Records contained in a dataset
☆ ☆ ☆ ☆

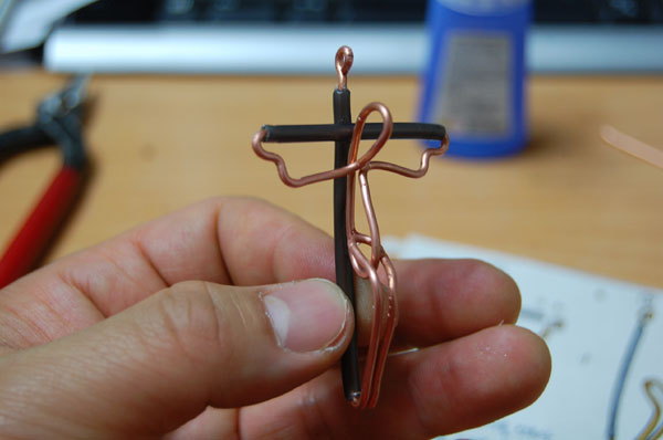 이제 십자가의 세로 기둥과 상체 가로기둥을 합칠 차례입니다. 먼저 예수님 상체를 하체에 끼워 십자고상을 완성하고, 둥근 전선끼리 붙여야 하니 접합 부분을 칼로 살짝 파내줍니다. 이때 한쪽이 삐뚤어지지 않도록 주의하셔야 해요. 안 그러면 굉장히 불량스런 포즈의 십자가가 되거든요. 파낸 부분과 상하체 접합 부분에 순간접착제를 바르고 후~ 후~ 불며 고정되기를 기다립니다. 금방 움직이면 애써 붙인 부분이 틀어지니 얼추 고정이 되었다 싶으면 손이 잘 안닿는 곳에서 몇시간은 두어야 안심!
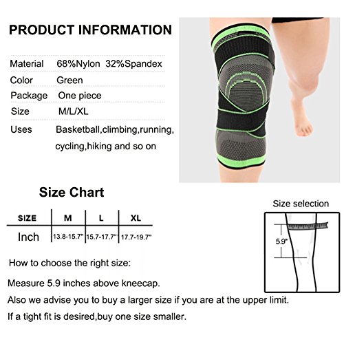 -. Feature : Professional Grade Material: Made of high quality 68% nylon and 32% spandex. Lightweight, breathable and adjustable comfort fit with 4-way elasticated stretch that won't roll, slide or slip down, enhance circulation & oxygenation of the blood thereby increasing muscle performance & accelerate recovery of injured muscles, joints & much more. / Pain Relief & Promotes Muscle/Joint Recovery: Compression is proven to Promote muscle recovery and injury prevention, our knee sleeve relieves muscle stiffness, extra soreness and offers rejuvenating relief from arthritis, osteoporosis, tendonitis, pain & discomfort, allowing you to perform at your peak in all situations. / Adjustable Unique Bidirectional Support: Dual adjustment elastic straps provide customized fit and compression for all day comfort. / Suitable for Any Sports: Our knee brace delivers targeted compression with moderate support for knees.The best knee support sleeve and knee stabilizer for running, athletics, jogging, cycling, weightlifting, squats, soccer, basketball, volleyball, skiing, tennis, golf, walking, hiking, lifting and yoga, just about any sports and exercise activity! / PERFORMANCE GUARANTEED-Designed to protect knees, promote faster recovery, and improve muscular endurance. Our goal is to ensure our knee pain relief products support you on your fitness journey, keeping you on your feet for longer. So, if our knee brace support doesn't fit, just let us know and we'll send you the right size, free of charge. Likewise, if for any reason our product isn't what you're looking for, we'll provide you a full refund, no questions asked!
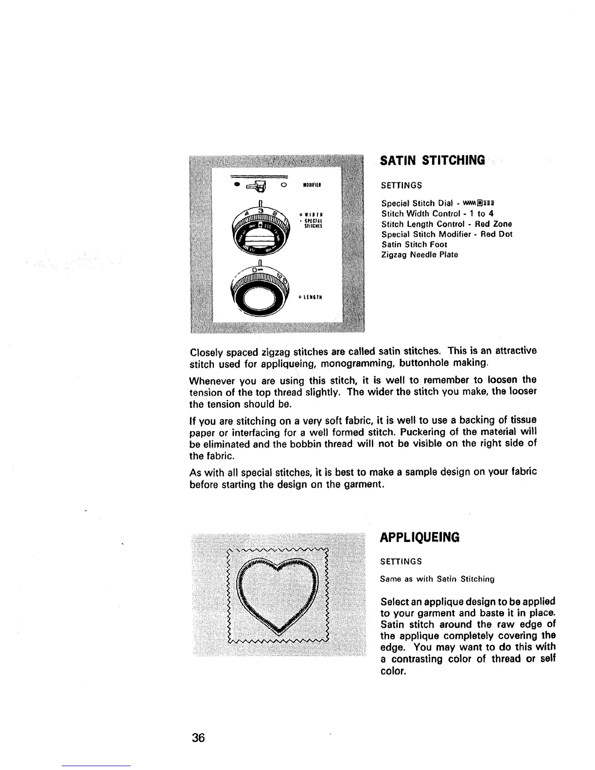 Closely spaced zigzag stitches are ca|led satin stitches. This is an attractive
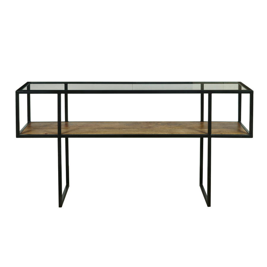 Contemporary, rustic style that's sure to tie any trendy room's presentation together,Glass top surface ideal for displaying or holding belongings,Wooden shelf provides extra space for your living room items,Wrapping metal frame,Constructed of durable wood with metal frame and a glass top for display,Assembly required
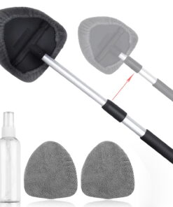 Anpro Car Window Cleaner, Microfiber Car Windshield Cleaning Tool with Extendable Handle and Washable Reusable Cloth Pad Head Auto Interior Exterior Glass Wiper Kits
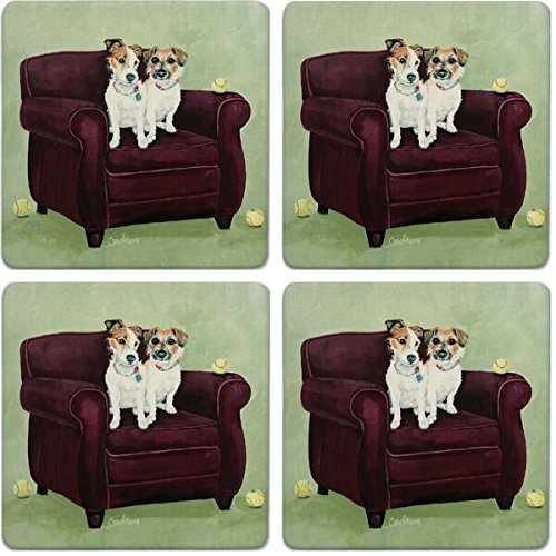 CoasterStone Absorbent Coasters, Parson Russell Terriers (Set of 4), 4-1/4", Multicolor
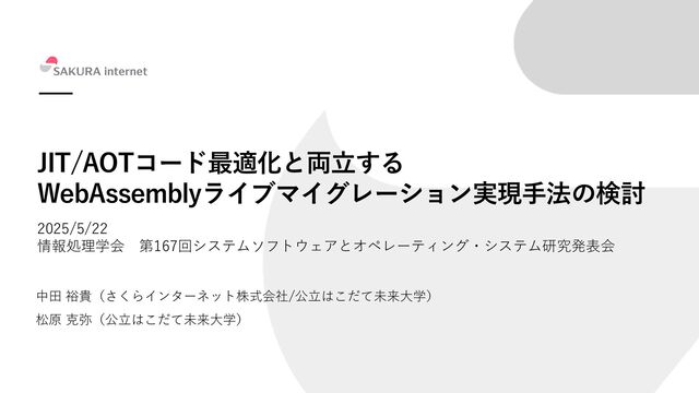 実行時間(秒) Wasm3 83.53 セルフホストWasm3 on Wasm3 3125.61 Wasmtime 14.02 セルフホストWasm3 on Wasmtime 1579.32 37倍 112倍 ベンチマーク実行結果[5] [5] Y. Nakata and K. Matsubara, “Poster: Feasibility of Runtime-Neutral Wasm Instrumentation for Edge-Cloud Workload Handover”, pp. 528–530, Dec. 2024, doi: https://doi.org/10.1109/sec62691.2024.00068.
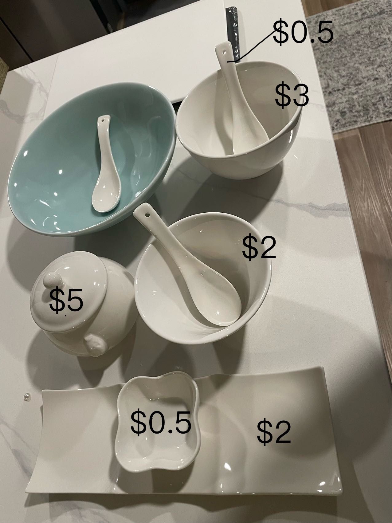 High quality of the bowls and plate in different sizes, have thousands of inventory purchased before Covid and need to let go, the price is each bowl or plate

☆ ☆ ☆ ☆

▶ [WHAT YOU WILL DO]: If the data includes images, skip them and copy every line exactly.

▶ [WORKED SOLUTION]:
 이제 십자가의 세로 기둥과 상체 가로기둥을 합칠 차례입니다. 먼저 예수님 상체를 하체에 끼워 십자고상을 완성하고, 둥근 전선끼리 붙여야 하니 접합 부분을 칼로 살짝 파내줍니다. 이때 한쪽이 삐뚤어지지 않도록 주의하셔야 해요. 안 그러면 굉장히 불량스런 포즈의 십자가가 되거든요. 파낸 부분과 상하체 접합 부분에 순간접착제를 바르고 후~ 후~ 불며 고정되기를 기다립니다. 금방 움직이면 애써 붙인 부분이 틀어지니 얼추 고정이 되었다 싶으면 손이 잘 안닿는 곳에서 몇시간은 두어야 안심!
 -. Feature : Professional Grade Material: Made of high quality 68% nylon and 32% spandex. Lightweight, breathable and adjustable comfort fit with 4-way elasticated stretch that won't roll, slide or slip down, enhance circulation & oxygenation of the blood thereby increasing muscle performance & accelerate recovery of injured muscles, joints & much more. / Pain Relief & Promotes Muscle/Joint Recovery: Compression is proven to Promote muscle recovery and injury prevention, our knee sleeve relieves muscle stiffness, extra soreness and offers rejuvenating relief from arthritis, osteoporosis, tendonitis, pain & discomfort, allowing you to perform at your peak in all situations. / Adjustable Unique Bidirectional Support: Dual adjustment elastic straps provide customized fit and compression for all day comfort. / Suitable for Any Sports: Our knee brace delivers targeted compression with moderate support for knees.The best knee support sleeve and knee stabilizer for running, athletics, jogging, cycling, weightlifting, squats, soccer, basketball, volleyball, skiing, tennis, golf, walking, hiking, lifting and yoga, just about any sports and exercise activity! / PERFORMANCE GUARANTEED-Designed to protect knees, promote faster recovery, and improve muscular endurance. Our goal is to ensure our knee pain relief products support you on your fitness journey, keeping you on your feet for longer. So, if our knee brace support doesn't fit, just let us know and we'll send you the right size, free of charge. Likewise, if for any reason our product isn't what you're looking for, we'll provide you a full refund, no questions asked!
 Closely spaced zigzag stitches are ca|led satin stitches. This is an attractive
 Contemporary, rustic style that's sure to tie any trendy room's presentation together,Glass top surface ideal for displaying or holding belongings,Wooden shelf provides extra space for your living room items,Wrapping metal frame,Constructed of durable wood with metal frame and a glass top for display,Assembly required
 Anpro Car Window Cleaner, Microfiber Car Windshield Cleaning Tool with Extendable Handle and Washable Reusable Cloth Pad Head Auto Interior Exterior Glass Wiper Kits
 CoasterStone Absorbent Coasters, Parson Russell Terriers (Set of 4), 4-1/4", Multicolor
 実行時間(秒) Wasm3 83.53 セルフホストWasm3 on Wasm3 3125.61 Wasmtime 14.02 セルフホストWasm3 on Wasmtime 1579.32 37倍 112倍 ベンチマーク実行結果[5] [5] Y. Nakata and K. Matsubara, “Poster: Feasibility of Runtime-Neutral Wasm Instrumentation for Edge-Cloud Workload Handover”, pp. 528–530, Dec. 2024, doi: https://doi.org/10.1109/sec62691.2024.00068.
 High quality of the bowls and plate in different sizes, have thousands of inventory purchased before Covid and need to let go, the price is each bowl or plate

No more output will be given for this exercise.